De boom kwam aan de rechterzijde de auto inzetten, Rob knalde met zijn hoofd tegen de passagiersdeur. Hij brak rechts zijn schedel en het brein botste inwendig op en neer. Een linker- en een rechter hersenbloeding waren het gevolg. Een ambulance haastte zich naar het Radboud Ziekenhuis in Nijmegen.

 De eerste uren
Marlou:“Ik zat op mijn werk en kreeg van een baliemedewerkster te horen dat de politie dringend op zoek was naar mij. Ik verstijfde. Wat is er gebeurd? Is Rob iets ernstigs overkomen? Of mijn ouders? Die onzekerheid op dat moment was slopend. Ik heb Rob gebeld, maar hij nam niet op. Niet op zijn mobiel, niet op zijn werk. Mijn ouders namen direct op, dus ik kreeg het vermoeden dat er iets met Rob aan de hand was. Tien minuten leken wel een uur. Toen de zus van Rob, Tanja, mij belde, wist ik dat het niet goed was.“

Van haar vernam Marlou dat Rob een eenzijdig ongeluk had gehad en naar het Radboud ziekenhuis was gebracht. Meer informatie had de politie haar niet kunnen geven. Was Rob gewond geraakt? Was hij overleden? Ze wisten het niet.

Marlou: “Ik sprong op mijn fiets en wist niet hoe snel ik bij de Radboud kon komen. Wat een dramatische rit! Alle scenario’s gingen door mijn hoofd. Toen ik binnen liep bij de spoedeisende hulp was mijn eerste vraag: ‘leeft 'ie nog?’ Mijn hart klopte in mijn keel. De zorgverlener lachte geruststellend, en zei, ‘ja, hij leeft nog’. Wat een opluchting! Samen met zus Tanja en vader Jos heb ik daarna urenlang in de wachtkamer gezeten, wachtend op informatie. Moeder Annemiek was onderweg naar het ziekenhuis vanuit Den Bosch. Daar was ze aan het shoppen voor onze bruiloft, die twee maanden later gepland stond.”

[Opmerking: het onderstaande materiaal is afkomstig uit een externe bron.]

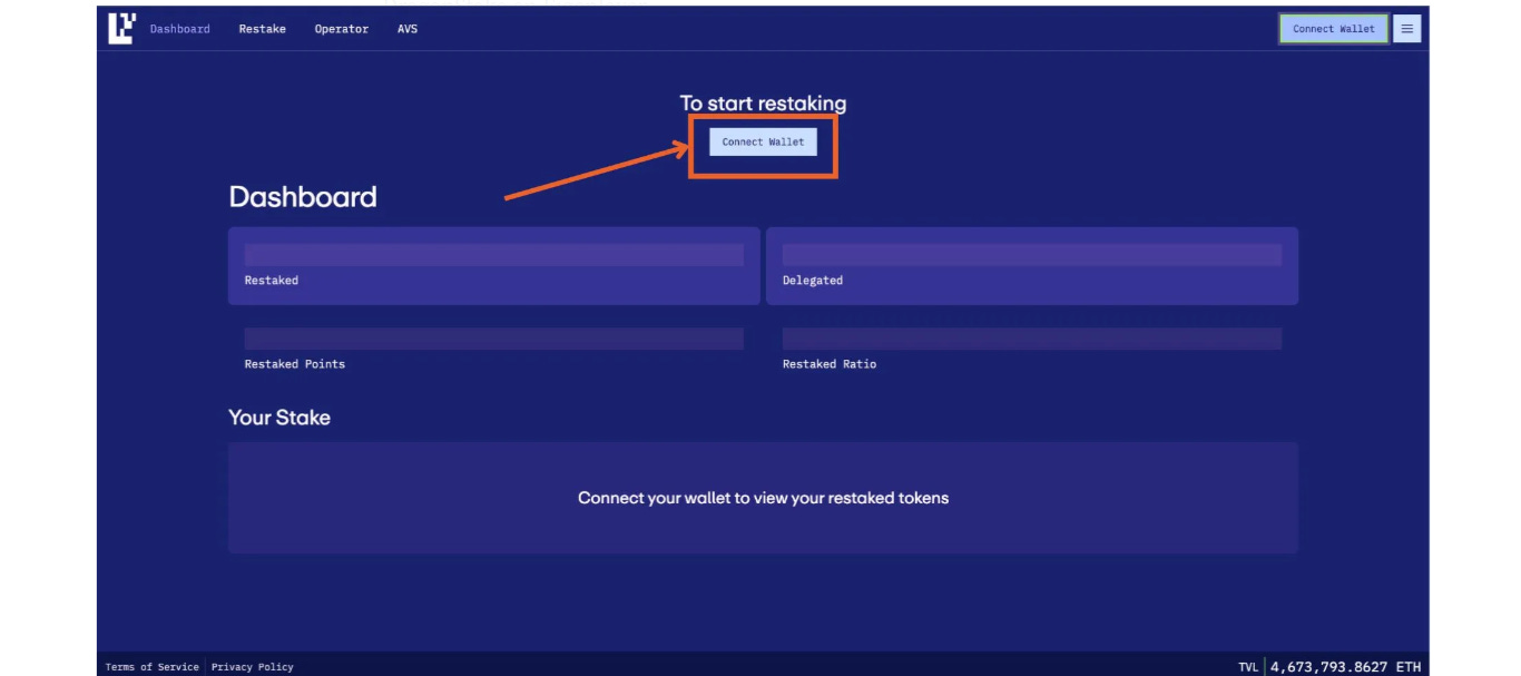 Haz clic en el enlace de acceso de Eigen Layer y conecta tu wallet.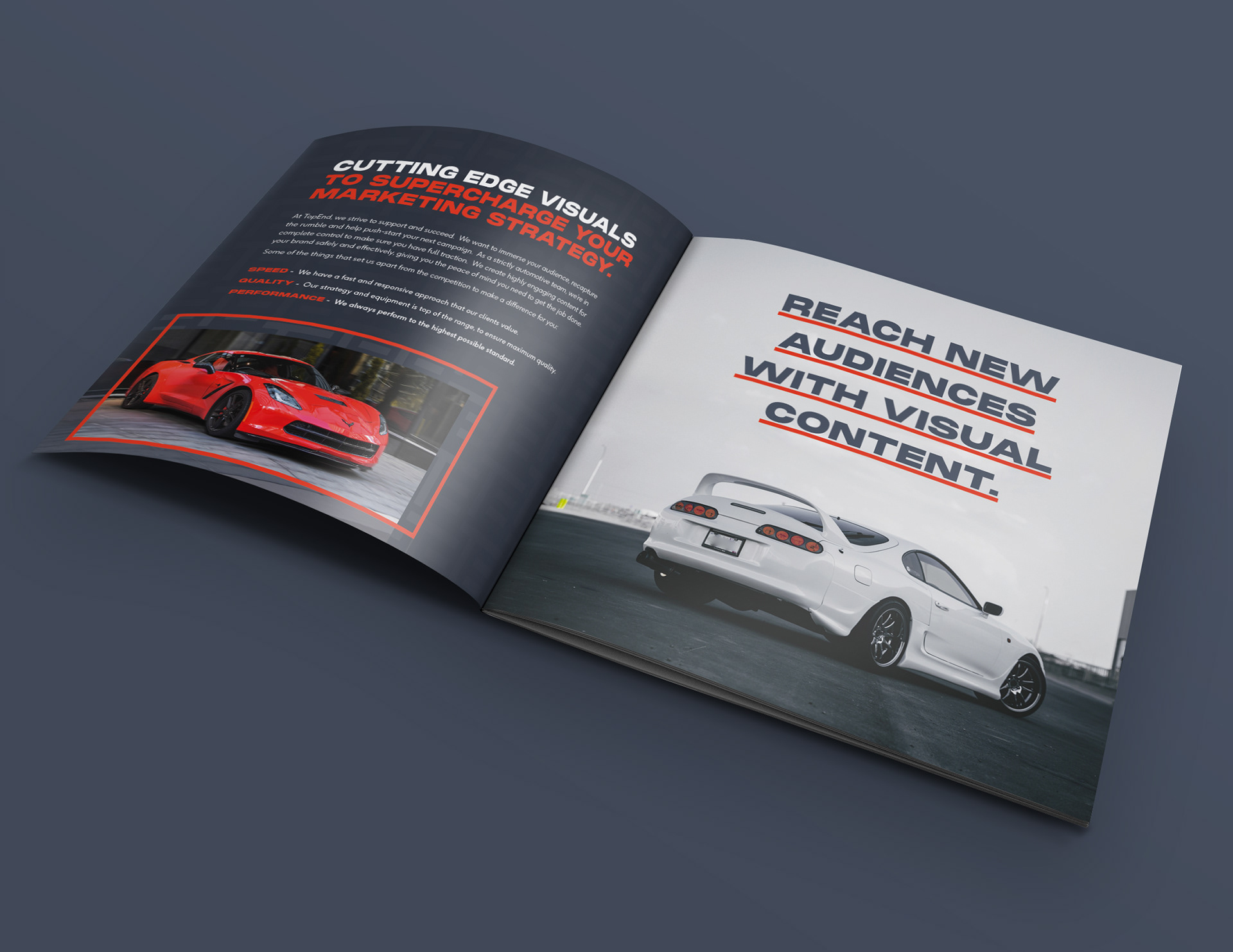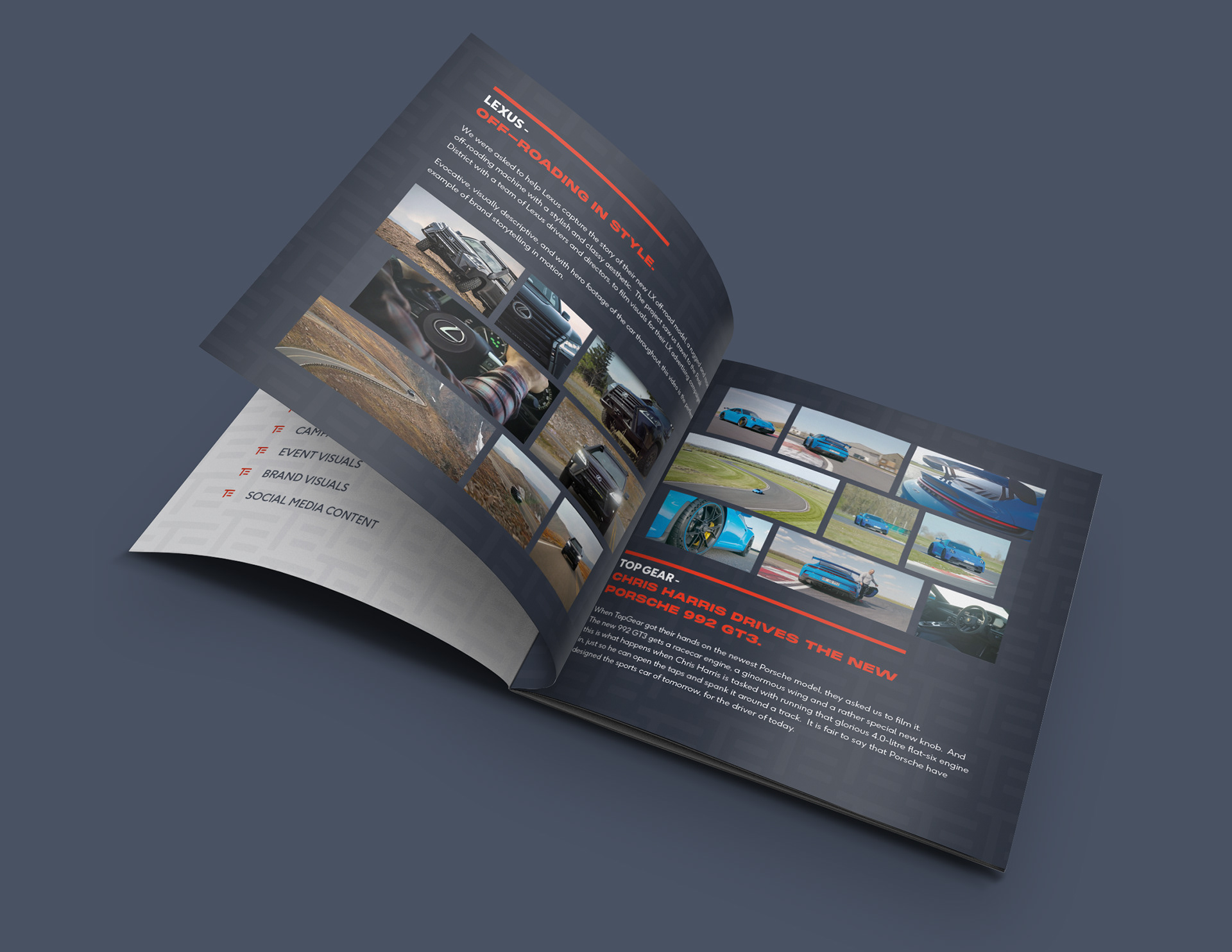The task for this project was to take control of a self-imitated piece of graphic design that either informs, educates, or solves a problem. A brief had to be written, deciding exactly what is intended to communicate, who the audience is and what it seeks to achieve. The plan was to create an automotive videography / photography agency who specialise in dynamic visuals for modified and high-end car owners, producing a full brand identity design and promotional materials.

Rob: “Terwijl mijn familie zich in het ziekenhuis verzamelde, werd ik geopereerd aan één van de twee hersenbloedingen. Daar weet ik zelf uiteraard niets meer van. Na de operatie ben ik naar de IC gebracht. Hier werd ik door middel van medicatie in een kunstmatige coma gehouden.”

Marlou: “Net toen Annemiek binnenkwam, arriveerde ook de neurochirurg in de familiekamer. Ze zei: ‘de patiënt is stabiel, hij ademt.’  We konden Rob nu bezoeken op de IC. Op het eerste moment dat ik hem zag, viel er ondanks zijn ernstige letsel een enorme spanning van mij af. Ik voelde zijn lichaamswarmte en ervoer voor het eerst dat hij écht nog leeft.”

Is dit een droom?
Na drie dagen op de IC te hebben gelegen, wordt Rob verplaatst naar de afdeling neurochirurgie. Hier heeft hij de eerste week bijna alleen maar geslapen. Al gauw bleek dat hij lichamelijk geen uitval had, maar zoals gebruikelijk bij een hersentrauma was hij heel erg verward.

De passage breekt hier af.